A Private Wire is a one-act musical "vaudeville" operetta with a libretto by Frank Desprez and Arnold Felix and music by Percy Reeve. It was first produced at the Savoy Theatre on 31 March 1883 to 1 January 1884 as a companion piece to Gilbert and Sullivan's Iolanthe. The piece also toured from March to July 1884.
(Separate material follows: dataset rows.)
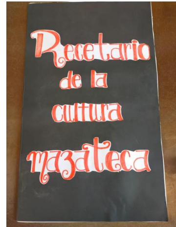
Montaje 2 de museo escolar Sec. Ofic. No 1107 "Miguel Hidalgo"

Cada representante de equipo, será quien realice la exposición de su sección correspondiente.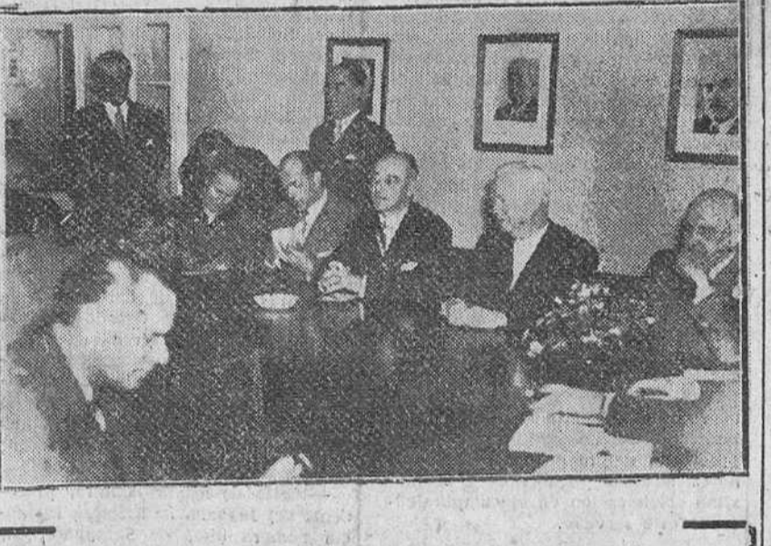
Bonn. — El ministro español de Agricultura, don Rafael Cavestany, que se encuentra en viaje oficial en la Alemania Occidental...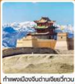
กำแพงเมืองจีนด่านเจี๋ยวี่กวน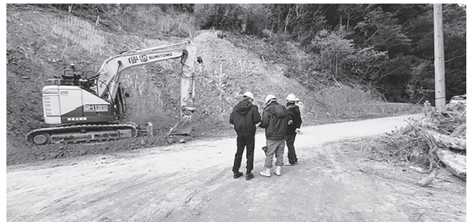
市道道路改良工事

【尾道分会】 12月2、3日の2日間で、尾道労働基準監督署署長、同署安全衛生課長、安全管理士、安全指導者、視察委員の総勢23名により、5地区10現場で合同安全パトロールを実施しました。公共工事ではご担当者様お立会いの下、安全衛生管理状況、作業状況、安全設備等の点検を行いました。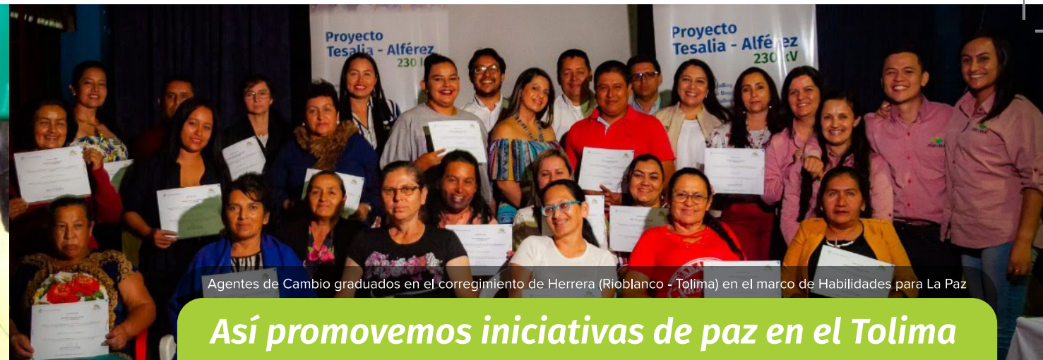
Agentes de Cambio graduados en el corregimiento de Herrera (Rioblanco - Tolima) en el marco de Habilidades para La Paz

Son plantas que viven sobre los árboles, sin embargo, no les causan daño. Éstas promueven la biodiversidad en los bosques y son importantes ya que generan oxígeno, sirven de hábitat a otros seres vivos, se convierten en “Oasis” en tiempos de sequía, tienen múltiples interacciones con animales y cuando ellas mueren, son las que enriquecen los suelos con nutrientes para nuevas plantas del bosque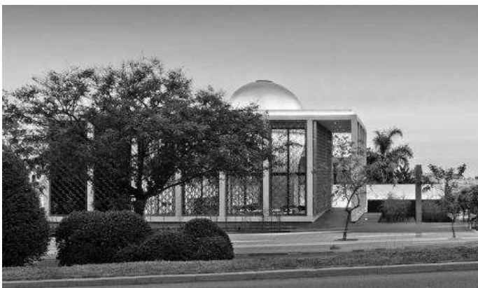
Рис. 4. Марокканський банк зовнішньої торгівлі (BMCE)

Дизайнер Роберт Майкут запропонував використовувати при оформленні РКО Bank Polski фірмові кольори цієї організації - чорний, білий і золотий. Концепція проекту полягає в тому, щоб поєднати естетичність з математичною точністю, подібно до того, як в роботі банку повинні поєднуватися життєвий досвід і правильний розрахунок (рис. 5).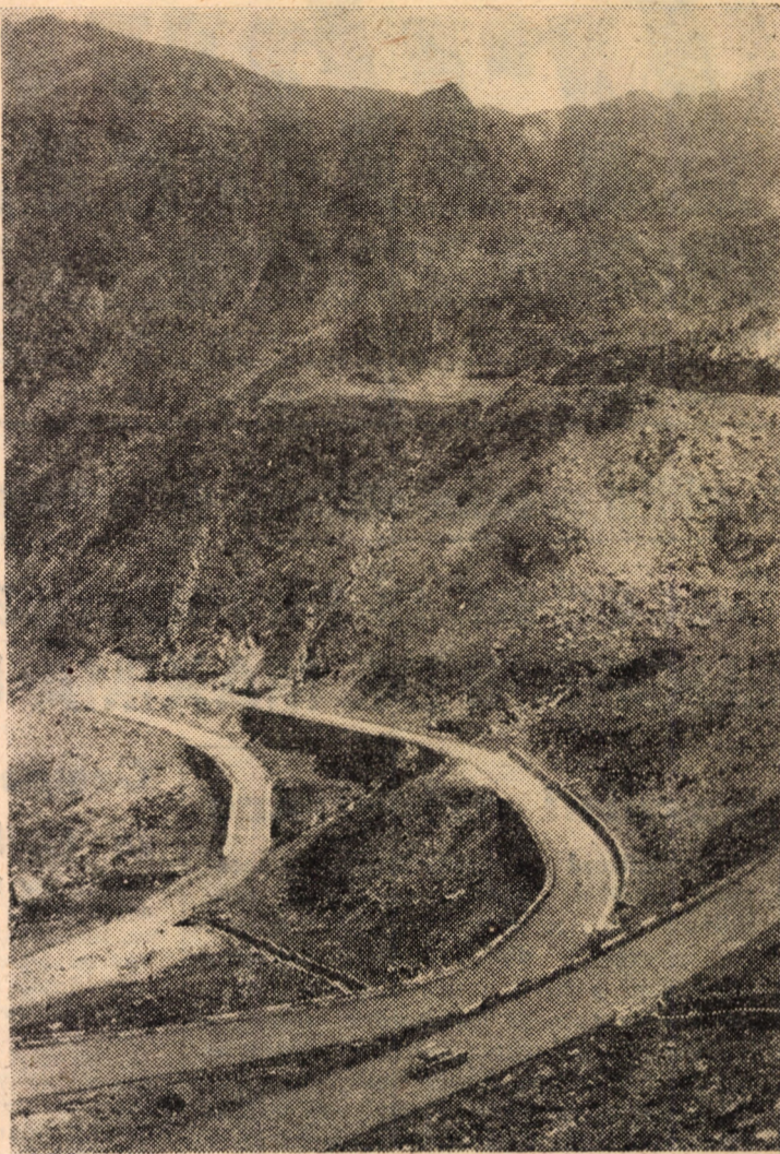
Din atrăgătorul peisaj al Văii Bilea, cu serpentinele drumului „Transfăgărășan”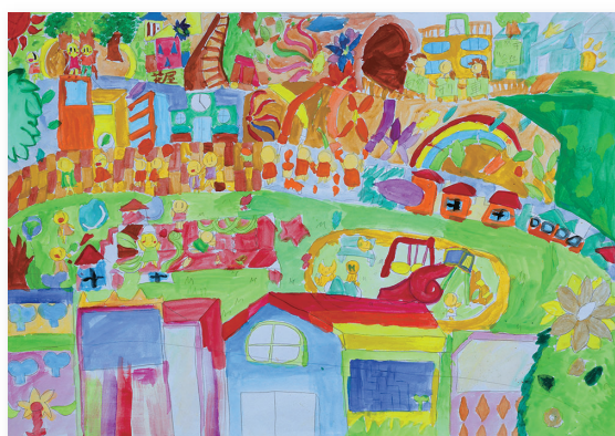
岩 本 涼 楓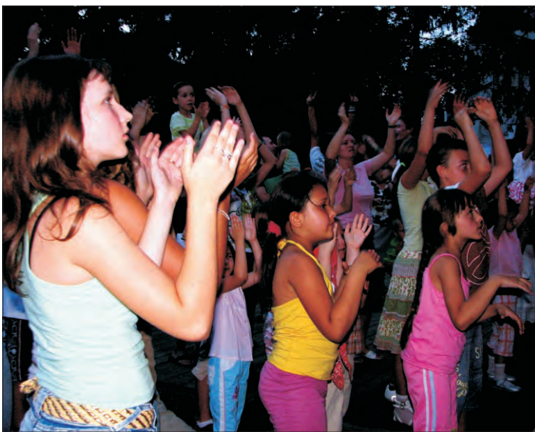
Nie tylko pod sceną, nieborowska biesiada parafialna godna była oklasków.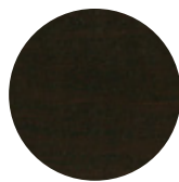
Dark Wengè Oak / Rovere Dark Wengè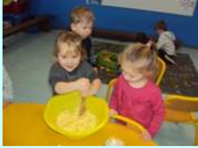
Bonnes vacances à tous ! Les PS/MS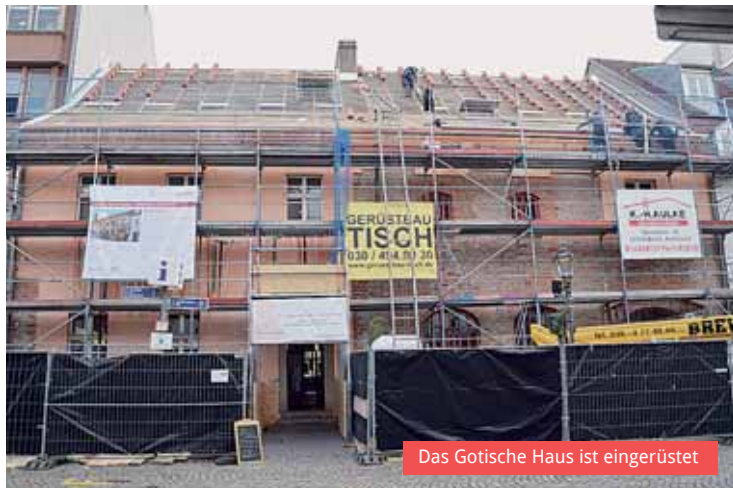
Das Gotische Haus ist eingerüstet

„Oben ohne“ präsentiert sich derzeit das Gotische Haus in der Breite Straße. Mitte Oktober haben die Arbeiten zur Erneuerung des Daches begonnen und sollen gegen Ende des Jahres abgeschlossen sein. Das Dach wies an mehreren Stellen Undichtigkeiten auf, so dass es bereits zu ersten Wasserschäden im Gebäude gekom-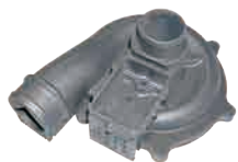
无支撑 蜗壳 AlSi10Mg 277mm*250mm*122mm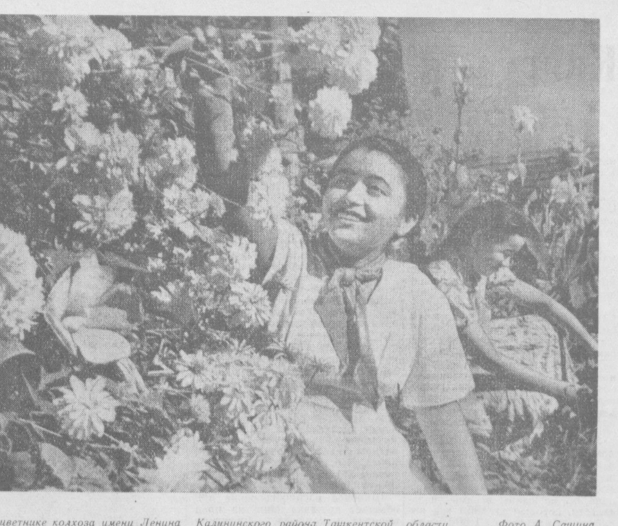
В цветнике колхоза имени Ленина Калининского района Ташкентской области.

И тут мы стали свидетелями того, как необходимо транспорное кольцо. Уже сейчас, вопреки запретам, на дороге прорываются автомобили с грузами и мчатся в город кратчайшим путем. Не так легко остановить их, «раскусивших» выгоды новой магистрали! Мы убедились, что автодорожники могут строить во много раз быстрее. Есть возможность упрямиться с делом до больших долей. Но есть помехи. Отгораживает прежде всего то, что облизником, а также некоторые другие организации не горятяся с отчуждением земель, со сносом строений, стоящих на пути трассы.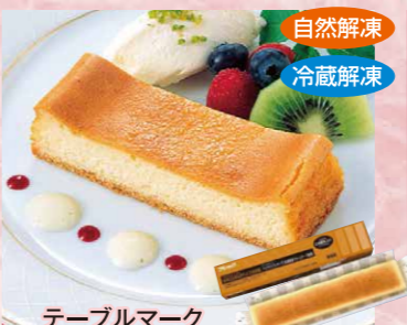
テーブルマーク 131 フリーカットケーキバイクチーズケーキ (北海道産生クリーム使用) V03 610g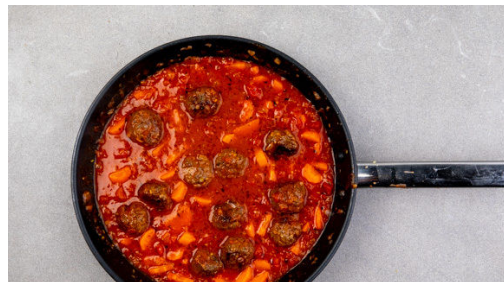
4. Ragout zubereiten

Die Zwiebeln schälen, halbieren und in feine Würfel schneiden. Den Knoblauch schälen und ebenfalls fein würfeln oder durch eine Knoblauchpresse drücken. Das Hackfleisch mit der ½ der Zwiebeln , der ½ des Knoblauchs , je 1TL der Gewürzmischungen und ½TL Salz verkneten und zu 20-24 gleich großen Fleischbällchen formen.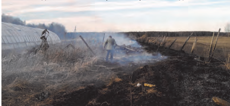
8 апреля 2014 г. огненный фронт подожженной травы вплотную подошел к тепличному хозяйству ЗАО «Победа»

Постановлением главы местной администрации от 04.03.2014 № 74 «О мерах по предупреждению и ликвидации возможных лесных (торфяных) пожаров на территории МО Аннинское сельское поселение в пожароопасный период 2014 года» на всей территории муниципального образования введен особый противопожарный режим. Сохраняется высокая пожароопасность. Практически ежедневно, а порой и по несколько раз в день, поступают сообщения о возгораниях. Несмотря на предупреждения, происходят поджоги сухой травы.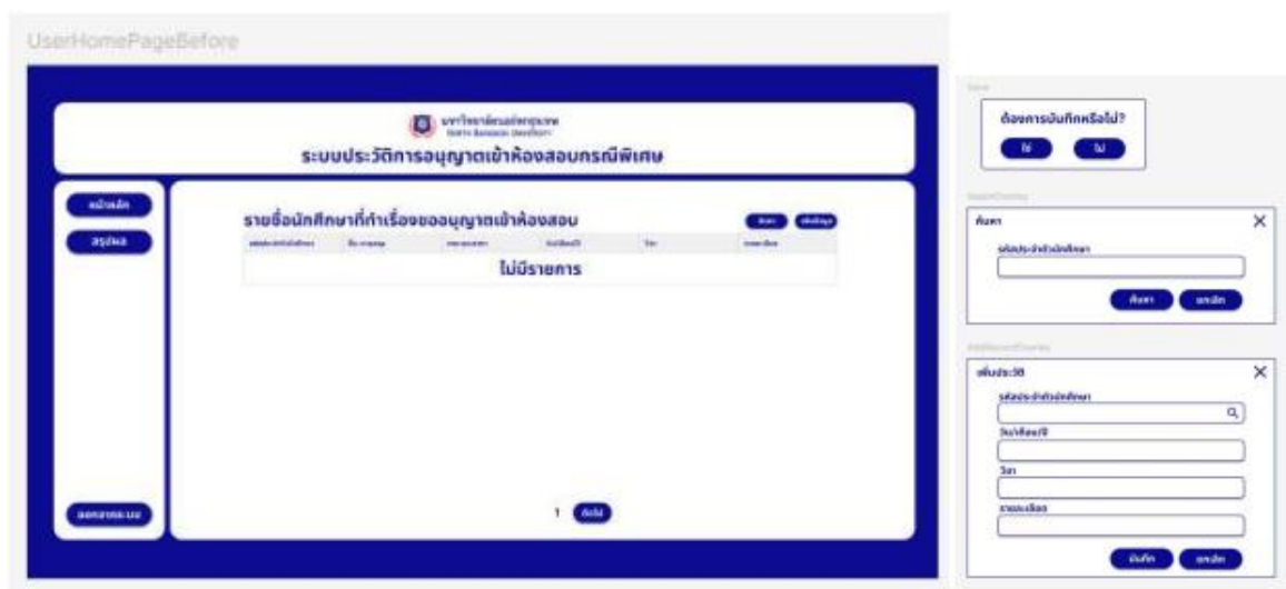
ภาพ 3 และ 4 ออกแบบระบบในส่วนของผู้ใช้งานทั่วไปผ่านโปรแกรม Figma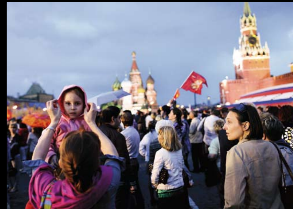
Po průtrži mračen lidí na Rudém náměstí neubýlo, ale přibýlo

VIP RUSOVÉ UŽ SPALI, KDYŽ JEJICH NÁROD SLAVIL PĚTAŠEDESÁTÉ VÝROČÍ VYHRANÉ VÁLKY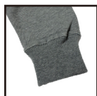
しっかりとしたリブ

スウェット生地でスタンダードな10ozの裏毛生地 柔らかく、裏のパイル地は肌触りもバツグン 綿100%なので毛玉に悩まされることもありません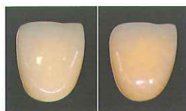
A3.5 HS A3.5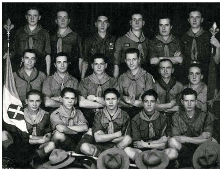
Le Aquile Randagie, Milano 1935

I documenti sono numerati da 1 a 157 e seguono un andamento cronologico; mancano i documenti 4, 8, 11, 46, 47, 56, 73, 78, 85, 110, 114, 115, 119, 122, 123, 124, 126, 143, 150, 156.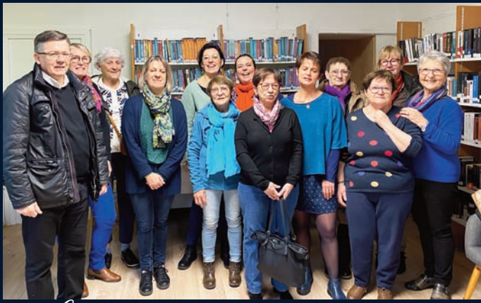
Les benevoles de la bibliotheque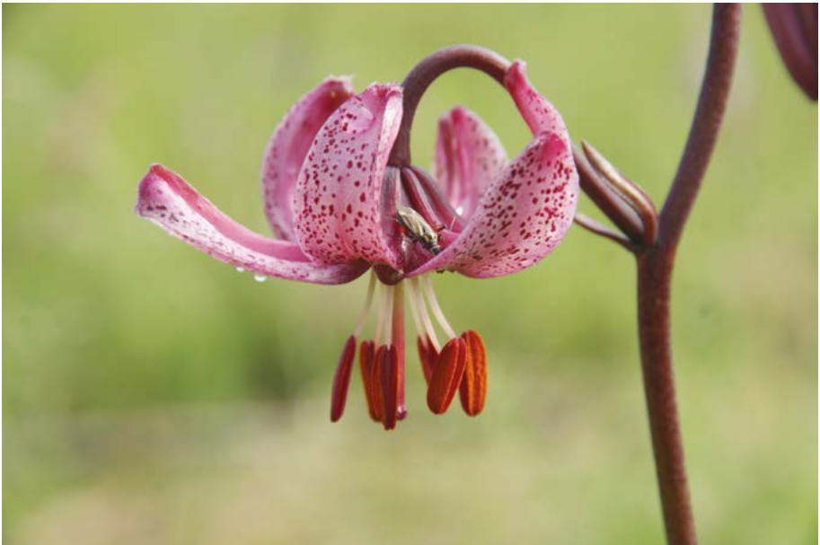
Abb. 49: Die Türkenbund-Lilie ( Lilium martagon ) gilt zwar hessenweit als ungefährdet, in einigen Regionen ist die Pflanze aber selten und rückläufig. © K. Böger, 2012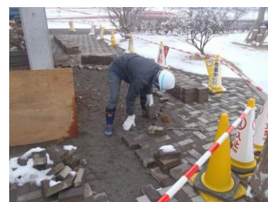
インターロッキング再利用設置状況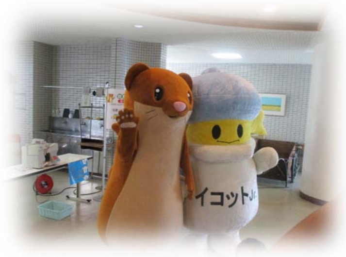
↑ イコット Jr. とタッチーくんの夢のコラボ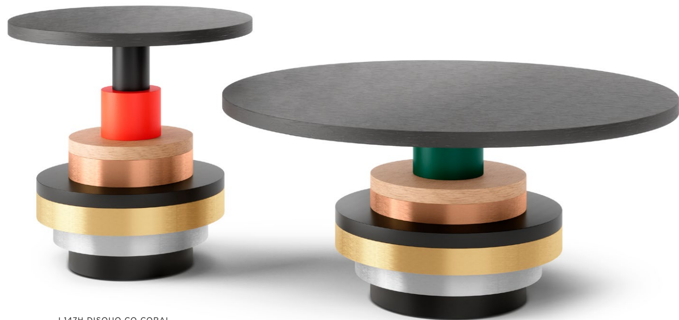
J 147H DISQUO CO CORAL Ø 52 CM ▲ 53 CM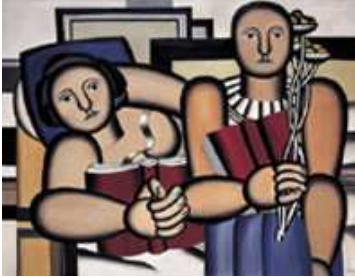
Fernand Léger. La Lecture , 1924.

Proposé dans les collections modernes et contemporaines De février 2007 à juin 2007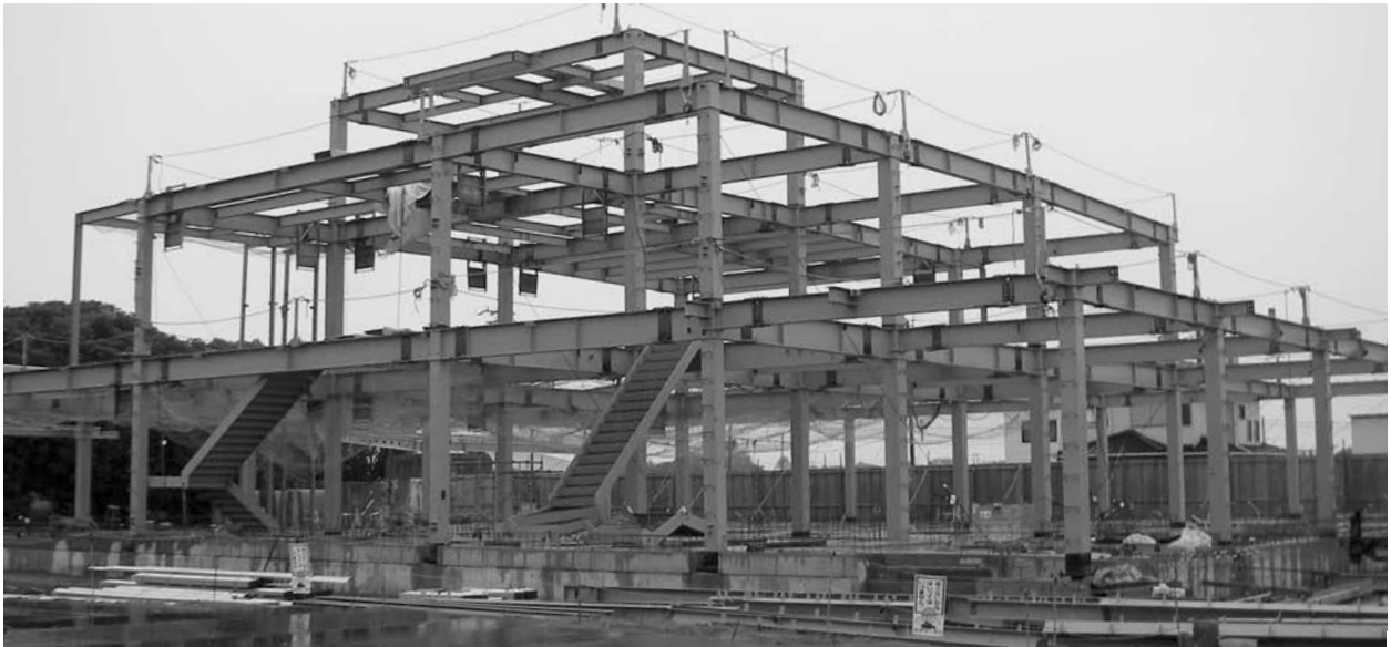
建築が進められている（仮称）横芝光町学校給食センター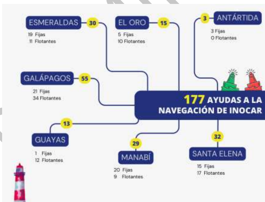
Ilustración 3. Distribución de las ayudas a la navegación de INOCAR por provincias costera y la Antártida.

En su rol estratégico en la seguridad marítima nacional, el INOCAR, ejecutó trabajos de mantenimiento preventivo, correctivo y emergente en las 177 ayudas a la navegación distribuidas a nivel nacional en las provincias de Esmeraldas, Manabí, Santa Elena, Guayas, El Oro, Galápagos y a nivel internacional en la Antártida, garantizando condiciones seguras para el tráfico marítimo y fortaleciendo la presencia del Estado en los espacios marítimos y antárticos.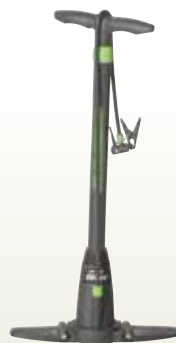
ボール空気入れポンプ [コード] 13007-11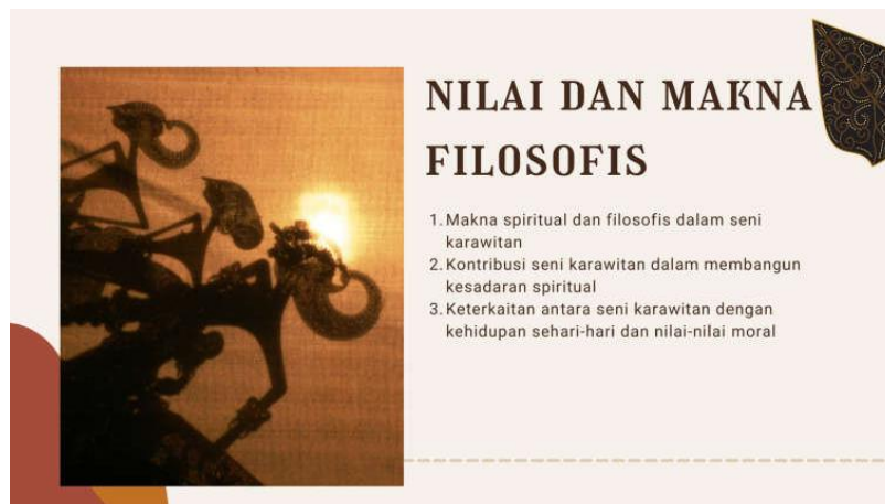
Gambar 3 Nilai dan Makna Filosofis

Bagian berikutnya yang dapat dilihat pada gambar 2, tim pengabdian kepada masyarakat memaparkan hal-hal yang berkaitan dengan sejarah dan asal-usul seni karawitan hingga perkembangan seni karawitan di pulau Jawa. Melalui pemaparan tersebut para peserta kegiatan pengabdian kepada masyarakat mengetahui awal mula adanya seni karawitan hingga perkembangannya saat ini di pulau Jawa.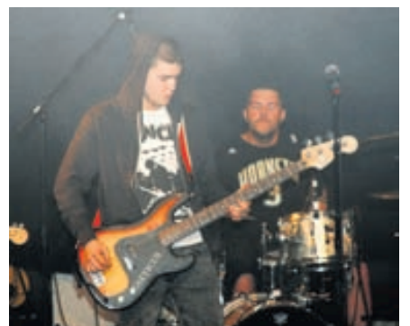
Nýjar hljómsveitir fá tækifæri til að spreyta sig.

Í tengslum við Ljósanótt hafa í mörg ár verið haldnir sérstakir tónleikar fyrir yngri kynslóðina í Frumleikhúsinu. Þarna hefur gefist tækifæri fyrir nýjar hljómsveitir að reyna sig og margir af okkar bestu tónlistarmönnum stígu sín fyrstu spor við þetta tækifæri. Menningarhúsið ungs fólks í Reykjanesbæ, 88 húsíð, stendur að tónleikunum og að venju kemur fjöldi hljómsveita fram, nöfn þeirra má sjá á vefnum ljosanott.is. Tónleikarnir eru að sjálfsgöðu vímuefnalausir og eru fimmtudagskvöldið 1. september og hefjast kl. 20.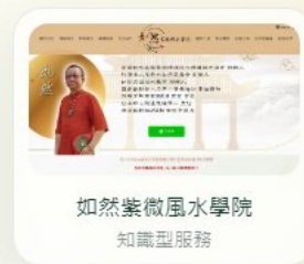
如然紫微風水學院 知識型服務

No copy of a printed libretto or vocal score is in the British Library. A copy of the libretto is in the Lord Chamberlain's collection.

==Background==
The fashion in the late Victorian era was to present long evenings in the theatre, and so producer Richard D'Oyly Carte preceded his Savoy operas with curtain raisers such as A Private Wire. W. J. MacQueen-Pope commented, concerning such curtain raisers:
This was a one-act play, seen only by the early comers. It would play to empty boxes, half-empty upper circle, to a gradually filling stalls and dress circle, but to an attentive, grateful and appreciative pit and gallery. Often these plays were little gems. They deserved much better treatment than they got, but those who saw them delighted in them. ... [They] served to give young actors and actresses a chance to win their spurs ... the stalls and the boxes lost much by missing the curtain-raiser, but to them dinner was more important.

==Synopsis==
Philip FitzStubbs loves Rose Frumpington who lives in the house on the opposite side of the street. Philip's father has forbidden the match and made his son promise not to see or write to Rose, but Philip has had a telephone installed so that they can talk. FitzStubbs senior hopes to marry Rose's mother. Mrs. Frumpington, a spiritualist, is worried that her late husband may disapprove of her marrying FitzStubbs. Visiting her daughter's house, she is alone in a room and hears a voice evidently talking to her. It is Philip, trying to talk to Rose by telephone, but Mrs. Frumpington assumes it to be the voice of her dead husband. She replies to the voice. Philip, assuming that he is speaking to Rose, becomes increasingly agitated at the strange answers he is getting down the wire, and eventually rushes across the street. All is explained, and finding that there is no spiritual objection, Mrs. Frumpington accepts Fitzstubbs's proposal, and the parents consent to the marriage of their children.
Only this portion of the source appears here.